** Material provided follows **

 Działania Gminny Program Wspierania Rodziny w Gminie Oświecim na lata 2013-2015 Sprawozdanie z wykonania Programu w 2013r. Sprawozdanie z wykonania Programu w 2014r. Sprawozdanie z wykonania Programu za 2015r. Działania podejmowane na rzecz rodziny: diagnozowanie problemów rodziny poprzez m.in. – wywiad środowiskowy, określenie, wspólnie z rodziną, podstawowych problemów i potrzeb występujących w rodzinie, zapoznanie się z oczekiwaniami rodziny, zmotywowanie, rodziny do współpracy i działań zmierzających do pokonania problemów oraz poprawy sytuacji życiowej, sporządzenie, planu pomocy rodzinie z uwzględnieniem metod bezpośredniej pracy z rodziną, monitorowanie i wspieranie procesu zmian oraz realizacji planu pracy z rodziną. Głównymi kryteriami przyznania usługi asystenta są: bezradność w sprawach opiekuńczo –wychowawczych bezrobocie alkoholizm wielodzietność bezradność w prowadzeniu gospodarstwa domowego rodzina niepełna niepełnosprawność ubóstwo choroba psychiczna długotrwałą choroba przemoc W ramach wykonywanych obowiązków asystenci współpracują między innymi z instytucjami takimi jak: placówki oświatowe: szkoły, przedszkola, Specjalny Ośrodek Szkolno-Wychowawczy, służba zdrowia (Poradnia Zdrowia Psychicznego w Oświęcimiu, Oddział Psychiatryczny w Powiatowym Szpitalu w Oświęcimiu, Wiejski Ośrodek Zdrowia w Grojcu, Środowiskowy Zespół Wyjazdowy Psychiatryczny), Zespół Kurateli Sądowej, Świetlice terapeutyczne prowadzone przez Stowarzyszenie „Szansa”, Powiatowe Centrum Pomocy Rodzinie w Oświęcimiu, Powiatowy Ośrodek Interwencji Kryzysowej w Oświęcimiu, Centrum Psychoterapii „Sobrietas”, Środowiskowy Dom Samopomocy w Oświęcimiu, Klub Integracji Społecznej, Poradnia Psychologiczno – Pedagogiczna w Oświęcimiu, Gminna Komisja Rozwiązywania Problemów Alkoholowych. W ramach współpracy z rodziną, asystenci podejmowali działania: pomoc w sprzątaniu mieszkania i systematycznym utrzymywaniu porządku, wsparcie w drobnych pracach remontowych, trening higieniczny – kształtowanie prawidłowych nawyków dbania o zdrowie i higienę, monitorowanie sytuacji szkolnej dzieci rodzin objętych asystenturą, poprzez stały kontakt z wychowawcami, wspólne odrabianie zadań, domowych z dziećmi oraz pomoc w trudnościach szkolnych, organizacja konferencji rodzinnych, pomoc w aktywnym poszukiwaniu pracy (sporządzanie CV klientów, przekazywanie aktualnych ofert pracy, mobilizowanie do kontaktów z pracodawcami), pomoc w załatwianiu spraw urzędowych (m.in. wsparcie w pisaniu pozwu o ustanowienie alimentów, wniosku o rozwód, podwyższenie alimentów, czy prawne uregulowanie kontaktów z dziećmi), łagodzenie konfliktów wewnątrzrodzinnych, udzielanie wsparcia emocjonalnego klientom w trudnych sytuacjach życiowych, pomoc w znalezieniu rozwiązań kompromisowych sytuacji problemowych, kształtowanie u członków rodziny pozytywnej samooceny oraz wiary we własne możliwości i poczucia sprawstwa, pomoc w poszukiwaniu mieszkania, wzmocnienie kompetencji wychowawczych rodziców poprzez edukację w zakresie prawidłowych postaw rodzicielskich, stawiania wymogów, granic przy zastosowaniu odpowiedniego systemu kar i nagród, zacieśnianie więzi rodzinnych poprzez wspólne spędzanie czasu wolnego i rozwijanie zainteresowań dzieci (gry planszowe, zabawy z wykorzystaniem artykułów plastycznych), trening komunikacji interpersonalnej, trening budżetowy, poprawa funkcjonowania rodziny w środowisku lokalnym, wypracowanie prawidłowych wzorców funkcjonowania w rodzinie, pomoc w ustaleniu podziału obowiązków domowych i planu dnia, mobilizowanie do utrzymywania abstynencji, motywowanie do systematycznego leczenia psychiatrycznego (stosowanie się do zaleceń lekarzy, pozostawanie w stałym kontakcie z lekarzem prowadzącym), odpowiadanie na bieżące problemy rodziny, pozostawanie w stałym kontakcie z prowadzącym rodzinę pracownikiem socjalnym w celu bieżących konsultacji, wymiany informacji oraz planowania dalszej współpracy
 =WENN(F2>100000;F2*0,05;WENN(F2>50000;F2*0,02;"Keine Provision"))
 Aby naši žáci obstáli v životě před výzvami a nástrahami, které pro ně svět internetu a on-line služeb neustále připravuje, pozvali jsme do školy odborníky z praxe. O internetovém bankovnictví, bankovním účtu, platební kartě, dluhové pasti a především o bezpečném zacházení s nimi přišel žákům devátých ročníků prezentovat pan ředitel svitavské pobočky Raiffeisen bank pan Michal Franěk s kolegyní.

** End of Material provided **

■ The problem
What is needed is an exact copy of all the data above.

■ Your solution
 Działania Gminny Program Wspierania Rodziny w Gminie Oświecim na lata 2013-2015 Sprawozdanie z wykonania Programu w 2013r. Sprawozdanie z wykonania Programu w 2014r. Sprawozdanie z wykonania Programu za 2015r. Działania podejmowane na rzecz rodziny: diagnozowanie problemów rodziny poprzez m.in. – wywiad środowiskowy, określenie, wspólnie z rodziną, podstawowych problemów i potrzeb występujących w rodzinie, zapoznanie się z oczekiwaniami rodziny, zmotywowanie, rodziny do współpracy i działań zmierzających do pokonania problemów oraz poprawy sytuacji życiowej, sporządzenie, planu pomocy rodzinie z uwzględnieniem metod bezpośredniej pracy z rodziną, monitorowanie i wspieranie procesu zmian oraz realizacji planu pracy z rodziną. Głównymi kryteriami przyznania usługi asystenta są: bezradność w sprawach opiekuńczo –wychowawczych bezrobocie alkoholizm wielodzietność bezradność w prowadzeniu gospodarstwa domowego rodzina niepełna niepełnosprawność ubóstwo choroba psychiczna długotrwałą choroba przemoc W ramach wykonywanych obowiązków asystenci współpracują między innymi z instytucjami takimi jak: placówki oświatowe: szkoły, przedszkola, Specjalny Ośrodek Szkolno-Wychowawczy, służba zdrowia (Poradnia Zdrowia Psychicznego w Oświęcimiu, Oddział Psychiatryczny w Powiatowym Szpitalu w Oświęcimiu, Wiejski Ośrodek Zdrowia w Grojcu, Środowiskowy Zespół Wyjazdowy Psychiatryczny), Zespół Kurateli Sądowej, Świetlice terapeutyczne prowadzone przez Stowarzyszenie „Szansa”, Powiatowe Centrum Pomocy Rodzinie w Oświęcimiu, Powiatowy Ośrodek Interwencji Kryzysowej w Oświęcimiu, Centrum Psychoterapii „Sobrietas”, Środowiskowy Dom Samopomocy w Oświęcimiu, Klub Integracji Społecznej, Poradnia Psychologiczno – Pedagogiczna w Oświęcimiu, Gminna Komisja Rozwiązywania Problemów Alkoholowych. W ramach współpracy z rodziną, asystenci podejmowali działania: pomoc w sprzątaniu mieszkania i systematycznym utrzymywaniu porządku, wsparcie w drobnych pracach remontowych, trening higieniczny – kształtowanie prawidłowych nawyków dbania o zdrowie i higienę, monitorowanie sytuacji szkolnej dzieci rodzin objętych asystenturą, poprzez stały kontakt z wychowawcami, wspólne odrabianie zadań, domowych z dziećmi oraz pomoc w trudnościach szkolnych, organizacja konferencji rodzinnych, pomoc w aktywnym poszukiwaniu pracy (sporządzanie CV klientów, przekazywanie aktualnych ofert pracy, mobilizowanie do kontaktów z pracodawcami), pomoc w załatwianiu spraw urzędowych (m.in. wsparcie w pisaniu pozwu o ustanowienie alimentów, wniosku o rozwód, podwyższenie alimentów, czy prawne uregulowanie kontaktów z dziećmi), łagodzenie konfliktów wewnątrzrodzinnych, udzielanie wsparcia emocjonalnego klientom w trudnych sytuacjach życiowych, pomoc w znalezieniu rozwiązań kompromisowych sytuacji problemowych, kształtowanie u członków rodziny pozytywnej samooceny oraz wiary we własne możliwości i poczucia sprawstwa, pomoc w poszukiwaniu mieszkania, wzmocnienie kompetencji wychowawczych rodziców poprzez edukację w zakresie prawidłowych postaw rodzicielskich, stawiania wymogów, granic przy zastosowaniu odpowiedniego systemu kar i nagród, zacieśnianie więzi rodzinnych poprzez wspólne spędzanie czasu wolnego i rozwijanie zainteresowań dzieci (gry planszowe, zabawy z wykorzystaniem artykułów plastycznych), trening komunikacji interpersonalnej, trening budżetowy, poprawa funkcjonowania rodziny w środowisku lokalnym, wypracowanie prawidłowych wzorców funkcjonowania w rodzinie, pomoc w ustaleniu podziału obowiązków domowych i planu dnia, mobilizowanie do utrzymywania abstynencji, motywowanie do systematycznego leczenia psychiatrycznego (stosowanie się do zaleceń lekarzy, pozostawanie w stałym kontakcie z lekarzem prowadzącym), odpowiadanie na bieżące problemy rodziny, pozostawanie w stałym kontakcie z prowadzącym rodzinę pracownikiem socjalnym w celu bieżących konsultacji, wymiany informacji oraz planowania dalszej współpracy
 =WENN(F2>100000;F2*0,05;WENN(F2>50000;F2*0,02;"Keine Provision"))
 Aby naši žáci obstáli v životě před výzvami a nástrahami, které pro ně svět internetu a on-line služeb neustále připravuje, pozvali jsme do školy odborníky z praxe. O internetovém bankovnictví, bankovním účtu, platební kartě, dluhové pasti a především o bezpečném zacházení s nimi přišel žákům devátých ročníků prezentovat pan ředitel svitavské pobočky Raiffeisen bank pan Michal Franěk s kolegyní.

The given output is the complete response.